Dear Mike,
I am a different woman because you died.
This is truthful and awful all at once.
Without you, I sense the world around me in a way I never used to.
I feel things so very deeply now.
Everything seeps into me.
The ugliness.
The harshness.
The beauty.
And, the gentleness of life.
I absorb it all.
I feel it to the depths of me.
Even without you, I am surrounded by a good life and lots of love.
Good living and love exists all around me.
But, I can’t receive the love or enjoy my life the way I wish I could because I am lost from here.
I am somewhere else.
It feels like part of me is a million miles from where I physically am taking up space.

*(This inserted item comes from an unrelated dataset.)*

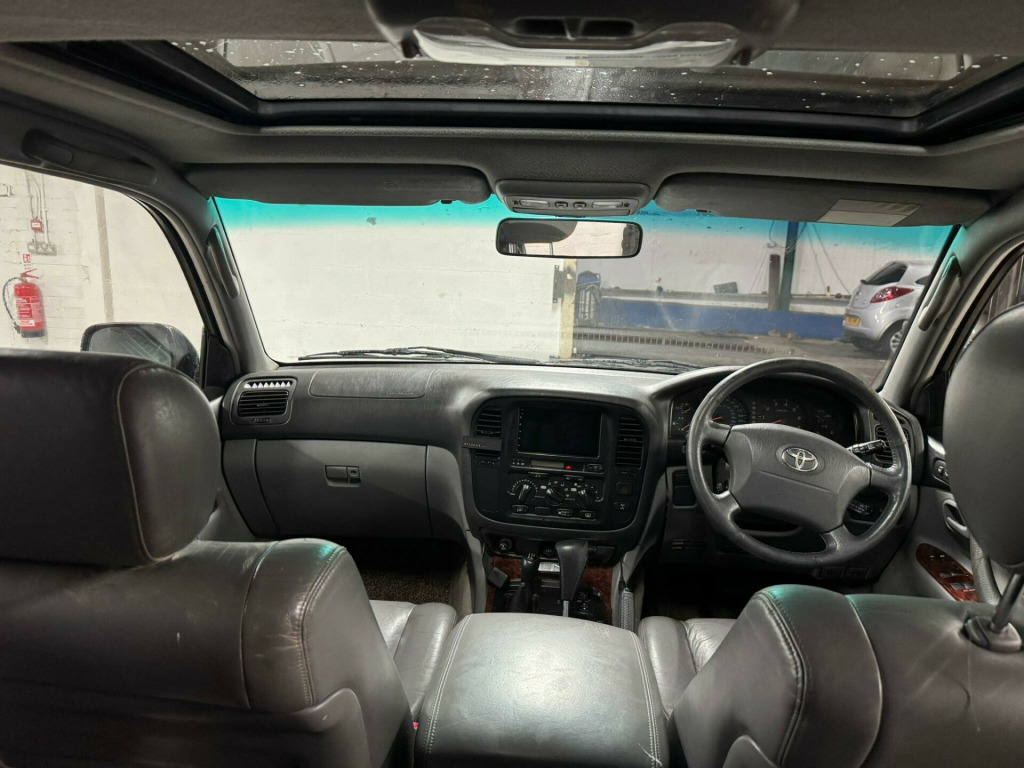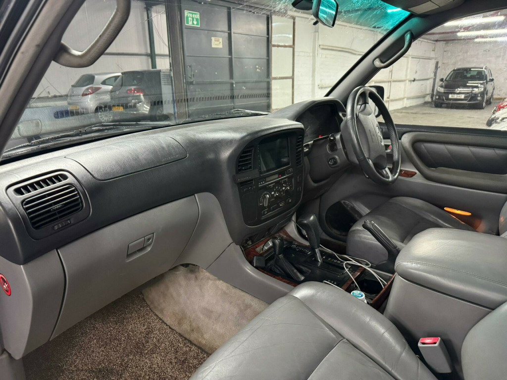 WE PROUDLY PRESENT A VERY RARE LAND CRUISER - LC100 - VERY HIGH SPEC INCLUDES - APPLE CAR PLAY, REVERSE CAM + SENSORS, AIR SUSPENSION, TILD AND SLIDE SUNROOF, ELECTRIC HEATED MEMMORY SEATS, 31'' BRAND NEW BFG TYRES, IMMACULATE CONDITION INSIDE AND OUT, ENGINE AND GEARBOX SMOOTH - MOST RECENTLY JUST BEEN SERVICED - COMES WITH 12 MONTH MOT - THIS IS THE V8 PETROL MODEL UK SUPPLIED VX (HIGH SPEC) FREE AA BREAKDOWN COVER INCLUDED - HAS BEEN VERY WELL MAINTAINED COMES WITH FULL SERVICE HISTORY- HPI CLEAR - NATIONWIDE DELIVERY AVAILABLE - PART EX WELCOME - OPEN 7 DAYS A WEEK 10AM-5PM! ALL OUR VEHICLES ARE INSPECTED BY HIGH QUALIFIED TECHNICIANS AND ARE SET TO THE HIGHEST STANDARD FOR ALL OUR VALUED CUSTOMERS! ALL VEHICLES ARE 360 HEALTH CHECKED + HPI CLEAR - ALL FULL VALETED , SERVICED + MOT'D READY TO GO WITH IMMEDIATE COLLECTION OR DELIVERY! **SECURE YOUR VEHICLE TODAY WITH A £99 HOLDING FEE** *LIVE VIDEO VIEWING AVAILABLE - EXTENDED WARRANTY NOW AVAILABLE STARTING FROM £99!**. Adjustable Steering Column/Wheel, Air Bag Driver, Air Bag Passenger, Air-Conditioning, Alarm, Alloy Wheels, Anti-Lock Brakes, Body Coloured Bumpers, Cruise Control, Electric Windows (Front/Rear), Front Fog Lights, Immobiliser, In Car Entertainment (Radio/Cassette/CD Autochanger), Mirrors External, Power-Assisted Steering, Roof Rails, Seat Lumbar Support, Seats Electric (Driver/Passenger), Speakers, Sunroof Electric (Glass Tilt/Slide), Upholstery Leather.

I am just not grounded in this life anymore.
Part of my Soul exists some place else now.
You know this. You feel this. And, I know you wish I would cut it out.
I know that you want me to reengage in living my own life.
I want this too. But, it is so very hard.
Both of us know that my life is passing me by because I am lost without you.
It has been 3.5 long years and I have got to get my fucking act together.
I can not spend my life yearning for a life that can’t be. *Sigh.
Since you died, I am able to see holiness in the ordinary.
I see the beauty in an ordinary life.
I witness beauty in modest moments.
And, this makes me want to reengage in a full life again.
The magic of life is casually stirring inside me again – thankfully.
In the future, this sacred stuff will become part of me as easily as canned fruit mixes into a jello mould.
It will all blend back together for me because it feels so familiar.
It is not lost on me. I recognize a beautiful life because of you.
You made me know the best of life and love and I am a better woman for it.
Thank you Mike.
When you first died I cried when I thought of you. Now, 3.5 years later I smile when I think of you. I am filled with such gratitude for what was. I am thankful that we chose to share part of our lives together. It was magic.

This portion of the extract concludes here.